È evidente, dunque, l’importanza delle suddette modalità di tenuta, finalizzate essenzialmente a rendere affidabili le scritture; ed in tale quadro particolare rilievo va attribuito al divieto di abrasioni (cioè di cancellature fatte raschiando), cui si accompagna la previsione che, se qualche cancellatura deve essere eseguita, essa va compiuta in modo da rendere leggibili le parole cancellate perchè attraverso questa disciplina il legislatore, da un canto, ha voluto assicurare stabilità alle risultanze delle scritture e, dall’altro, ha voluto permettere di ricostruire l’effettivo andamento della gestione, evitando manipolazioni non percepibili (o non agevolmente percepibili senza l’adozione di particolari tecniche d’indagine).
Se tutto ciò è esatto (e il menzionato tessuto normativo non consente opzioni diverse), è chiaro che il richiamo all’art.2219 c.c. non giova alla tesi della ricorrente ed anzi la contraddice.
Infatti la registrazione a matita dei dati contabili dell’impresa è, per definizione, caratterizzata da “precarietà, modificabilità ed alterabilità” (come pone in luce la Commissione tributaria centrale), essendo agevolmente cancellabile senza lasciare tracce percepibili e senza neppure ricorrere ad un’abrasione, bastando un semplice tratto di gomma.
Che le tecniche moderne consentano più sofisticate forme di manipolazione non è certo una ragione sufficiente per giustificare l’impiego di un mezzo grafico che permette quella più semplice ed elementare e difetta in radice di qualsiasi connotato di stabilità, rendendo possibile in ogni momento rimuovere, sostituire o modificare le indicazioni annotate nelle scritture.
Quanto sin qui esposto esclude altresì la dedotta violazione dell’art. 39, secondo comma, lett. d), dpr 600/73 perchè la registrazione dei dati con un mezzo grafico del tutto inaffidabile si risolve in una inattendibilità complessiva delle scritture, rendendo così giustificata l’adozione dell’accertamento induttivo.
TRIBUNALE DI LATINA – sentenza dell’11/04/91 – sotto l’aspetto penale tributario – in riferimento alla violazione dell’art.1, 6^ c., L.516/82 – il Tribunale di Latina assolveva l’imputato perché il fatto non è previsto dalla legge come reato.
I giudici di merito, dato atto che le anzidette scritture contabili erano esistenti, anche se le relative annotazioni erano state segnate a matita, avevano affermato che tale mezzo di scrittura non poteva costituire un’omessa annotazione ai sensi dell’art.1, 6^ c., L.516/82, non essendo in contrasto con l’art.2219 c.c., richiamato dall’art.39, dpr 633/72.
L’art.2219 c.c. stabilisce che le scritture contabili devono essere tenute secondo le norme di un’ordinata contabilità, senza spazi in bianco, senza interlinee, senza trasporti in margine e senza abrasioni: le cancellazioni che fossero necessarie debbono essere eseguite in modo che le parole cancellate siano leggibili.

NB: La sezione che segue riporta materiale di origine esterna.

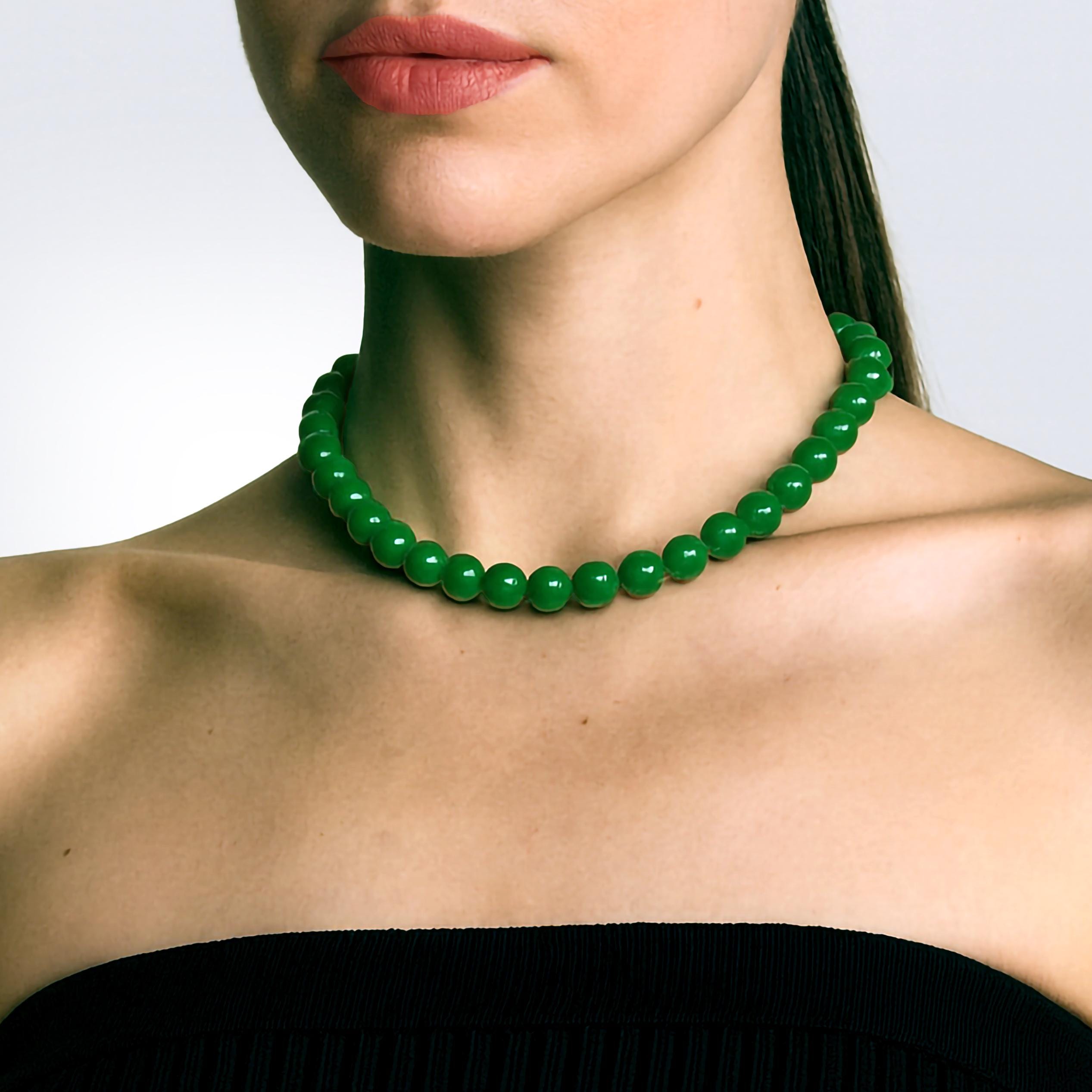 Lightweight and comfortable, this versatile necklace is ideal for both everyday wear and gifting. The rich green hue brings a touch of natural elegance to any outfit.

La norma, però, nulla dice in ordine allo strumento, penna o matita, con cui debbono essere effettuate le annotazioni.
Avverso la citata sentenza del Tribunale di Latina ha proposto ricorso in Cassazione il procuratore generale presso la Corte d’Appello di Roma che, deducendo erronea applicazione di norme penali e di norme di cui si deve tenere conto nell’applicazione della legge penale (art.1, 2^ ed u.c., L.516/82; 22 dpr 600/73 e 2219 c.c., in relazione all’art.606, lett.b), c.p.p.) ne ha chiesto l’annullamento.
La Cassazione ha osservatoche il ricorso è fondato e che i motivi posti a sostegno dello stesso devono essere integralmente condivisi, in quanto la motivazione della sentenza impugnata appare decisamente illogica oltre che contraria al sistema normativo delineato dalle disposizioni di legge su indicate.

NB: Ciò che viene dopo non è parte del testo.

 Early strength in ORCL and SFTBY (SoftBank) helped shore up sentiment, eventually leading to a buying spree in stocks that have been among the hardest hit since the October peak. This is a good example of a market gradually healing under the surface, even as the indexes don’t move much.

Secondo la Cassazione se le contabilità potessero essere tenute “a matita”, le stesse, data la facilità della loro alterazione, sarebbero private di quel requisito di certezza che, viceversa, è necessario in un ordinato sistema economico e sociale.
L’esigenza di tale requisito è stata ritenuta anche dalla Corte dei conti – Sez. I, 13 aprile 1987, n. 68 – la quale, ad esempio, ha affermato che
“va dichiarata la responsabilità del consegnatario di materiale appartenente alle forze armate per la perdita dello stesso, ove i registri relativi alla gestione dei materiali risultino … scritti a matita”.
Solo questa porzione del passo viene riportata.